During the 18th century the estate changed ownership a number of times, and a new main house was built in mid-century. The 1780s estate extended from Mälaren in the north to Alby gård in the south, and from Fittja Point and Lake Alby in the east to Slagsta gård in the west. From 1778 to 1787 its owner was financier Johan Liljencrantz, one of the largest landowners in the socken and lord of Sturehov Manor and the seat farm of Norsborg. In 1787, the northern section with the brickworks became part of Slagsta.

Fittja gård, one of the largest inns in Sweden, was frequented by many travellers. Among those who changed horses or spent the night there were Kings Charles XII and Oscar I and Carl Linnaeus, who described "wait[ing] a long time for horses" at Fittja in 1741. King Gustav III and his court also stayed at Fittja, arriving by barge from Drottningholm Palace. Carl Michael Bellman wrote about life at the inn.

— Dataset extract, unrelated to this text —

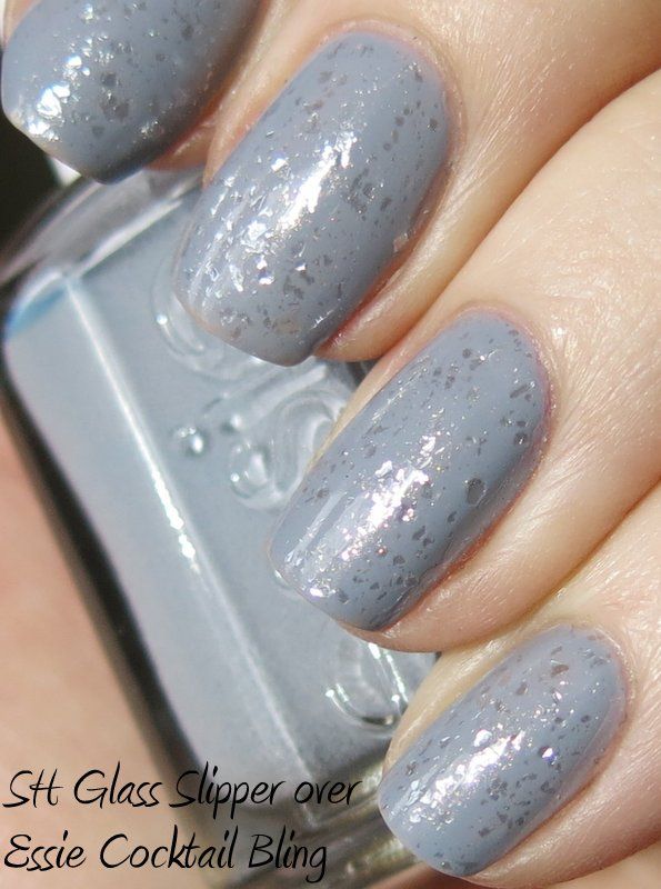 Cocktail Bling is a grey-blue creme that has been out for a few years now, and Glass Slipper is maybe a year old? I forget. :) Application of the Essie was nice - good formula, easy to control, a tad streaky on the first coat, but was completely opaque and even at just 2 coats. Glass Slipper went on well - I only used one coat and was able to get even distribution of the flakes without any trouble. I like this combo - kind of subdued, but interesting at the same time. Has kind of a lacey feel - or maybe snowflakes.... Enjoy! >^..^<

===Jacob Schmidt ownership===
In 1809, merchant Jacob Schmidt became the owner of the estate and inn. He improved the facilities, building the present buildings and a large barn (later known as Fittja loge) which held about 40 cows and several horses until World War II. After the estate stopped keeping livestock, the barn was a popular locale for dances and parties. Schmidt moved the mid-18th-century main house about 500 m to the northeast, where it is now known as Ängsbyggningen (the Meadow Building). The longtime residence of a tenant farmer, it is presently a private home. The main house was replaced by an 1812 two-storey Empire style house, with two flanking wing buildings and a stable forming the sides of a courtyard. The east wing housed a courtroom, jail, guardhouse and restaurant and the west wing a post office, brewery, bakery and guest rooms. The highway ran just south of the main building, through the courtyard.

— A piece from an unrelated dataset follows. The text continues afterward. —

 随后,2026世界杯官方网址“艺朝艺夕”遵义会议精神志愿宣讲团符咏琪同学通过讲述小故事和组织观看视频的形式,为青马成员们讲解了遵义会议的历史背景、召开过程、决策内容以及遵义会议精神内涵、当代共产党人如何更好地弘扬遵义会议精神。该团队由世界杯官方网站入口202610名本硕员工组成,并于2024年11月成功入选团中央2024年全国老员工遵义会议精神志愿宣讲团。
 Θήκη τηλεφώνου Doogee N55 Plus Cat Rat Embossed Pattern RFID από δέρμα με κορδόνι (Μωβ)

Soon afterwards steamboat service began, largely supplanting coach travel since it was safer and more comfortable. Schmidt's money ran out in 1815, and he was forced to sell the estate at auction. Crown Prince Oscar (later Oscar I of Sweden) wrote in his journal in 1841 that although Fittja "[shone] amongst the other estate inns like the North Star in the firmament, it [was] now ... quiet and deserted there".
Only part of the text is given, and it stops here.